O paciente português

“À nossa direita, o Governo e a troika acham que é preciso amputar o doente para ele sobreviver, mas não sabem onde está a infecção. Vão cortando um braço aqui, uma perna ali. Sai uma reforma dacolá, um subsídio “dacoli” e um dia lá aparecerá o remédio.

Se alguém disser à equipa médica à direita que qualquer dia já não há mais nada para cortar, e muito menos doente para curar, responderá que até já há coisas a crescer, como as exportações. Nessa altura, o ministro Paulo Portas pisca os olhos e, como que possuído por um soberano entusiasmo, desata a repetir “1640!”, “1640!”, “1640!” – uma alusão a uma data que deixou de ser feriado porque a troika mandou tirar.
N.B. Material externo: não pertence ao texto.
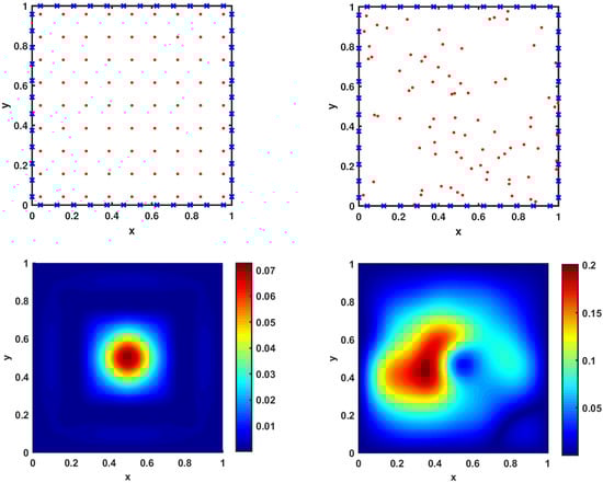 We implemented the meshless strategy proposed in Section 2 for the inverse problem in Equation (1). We tested the resulting scheme extensively for , and the noisy data are generated using the following formula
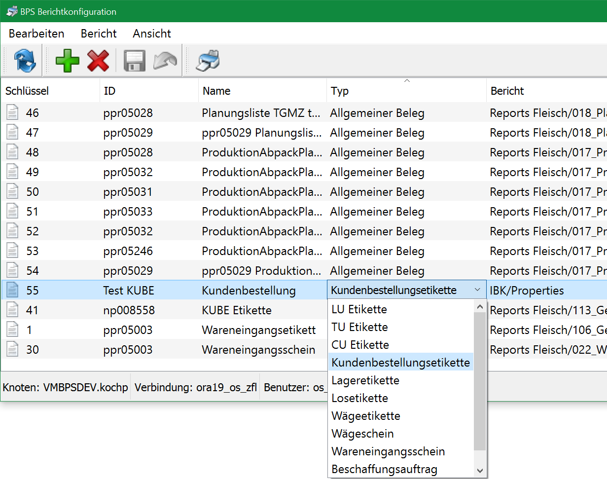- In der Berichtkonfiguration wurde für die KUBE Etiketten der neue Type «Kundenbestellungsetikette» hinzugefügt. Bestehende Einträge in der Berichtkonfiguration müssen entsprechend angepasst werden.
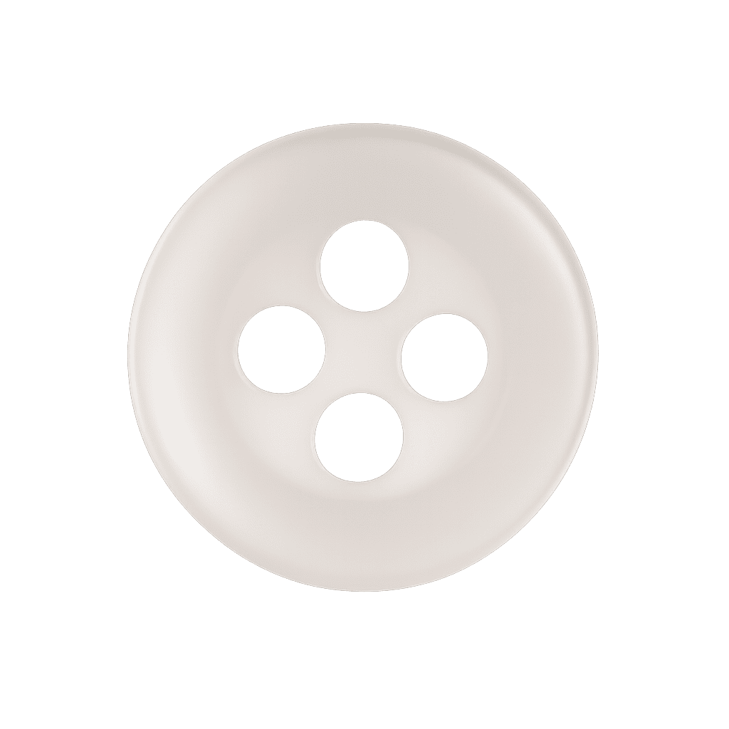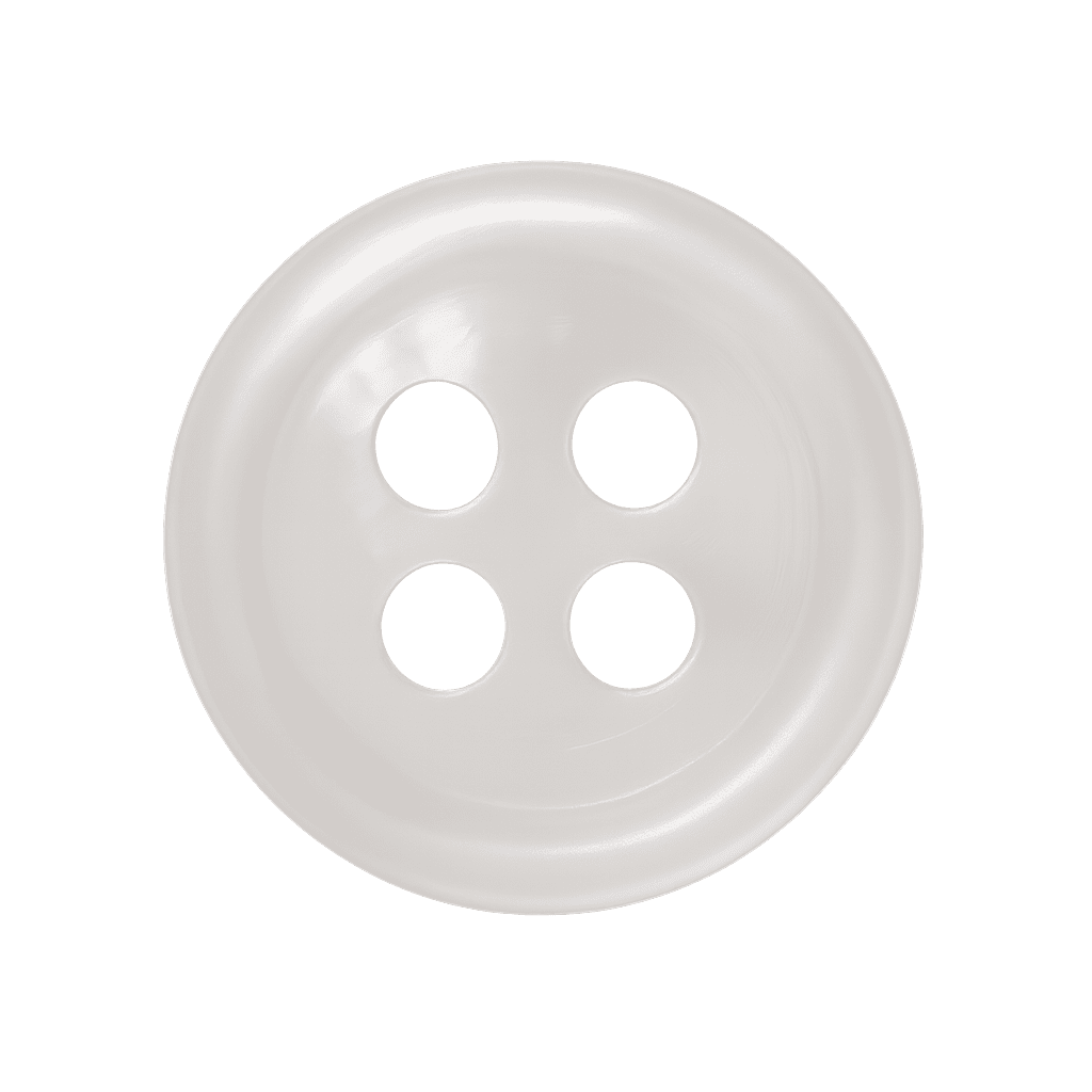 Bottone in resina premium bianca, luminoso e raffinato, perfetto per camicie sartoriali eleganti e resistenti.

Mas se do lado direito do paciente a receita é amputar da ponta dos pés à ponta dos cabelos, do lado esquerdo só há uma ideia fixa: não se pode mexer em nada. Quando lhes dizem que se tudo ficar como está a infecção matará o paciente, cerram o punho e, com uma convicção soberana, começam a exclamar “demissão!”, “demissão!”,  “demissão!”.”